The American Hospital Association is challenging HHS' bulletin regarding online tracking technologies for HIPAA-covered entities, calling it "substantively and procedurally unlawful."
According to the AHA, the HHS bulletin restricts healthcare organizations from using third-party web tracking technologies on their websites that may capture IP addresses of individuals that visit them.
"Recognizing that its original bulletin was legally indefensible, HHS responded to this suit by issuing a revised bulletin just days before its brief was due. But the agency's inconsequential modifications only confirmed that both agency actions were substantively and procedurally unlawful," the AHA said during a federal court hearing. "Just like the original bulletin, the revised bulletin will prevent healthcare providers from communicating vital health information to the communities they serve."
On March 19, HHS updated its stance on online tracking tools amid several hospitals, health systems and insurers facing lawsuits for using them. According to the bulletin, HHS stated that regulated organizations must not use tracking technologies in a way that would lead to sharing private health information with tracking technology providers or breaking HIPAA rules.
HHS said organizations can work with a technology vendor that provides tracking technology, but they cannot disclose protected health information to tracking technology vendors for marketing purposes without their consumers' consent.

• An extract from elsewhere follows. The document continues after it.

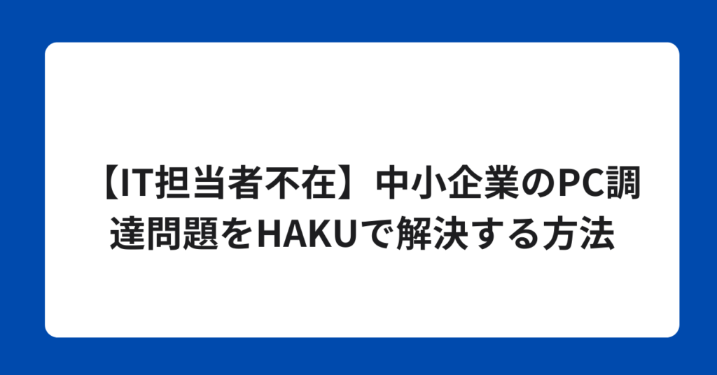 【IT担当者不在】中小企業のPC調達問題をHAKUで解決する方法

"The court should put an end to this embarrassing saga of regulatory overreach and bar enforcement of HHS' unlawful and unwise new rule," the AHA said in an April 12 news release in response to the updated HHS bulletin.
The AHA, the Texas Hospital Association, Texas Health Resources and United Regional Health Care System sued the HHS in 2023 in a bid to get the organization to bar enforcement of the bulletin. Seventeen state hospital associations and 30 hospitals and health systems have submitted friend-of-the-court briefs in support of the AHA in the lawsuit.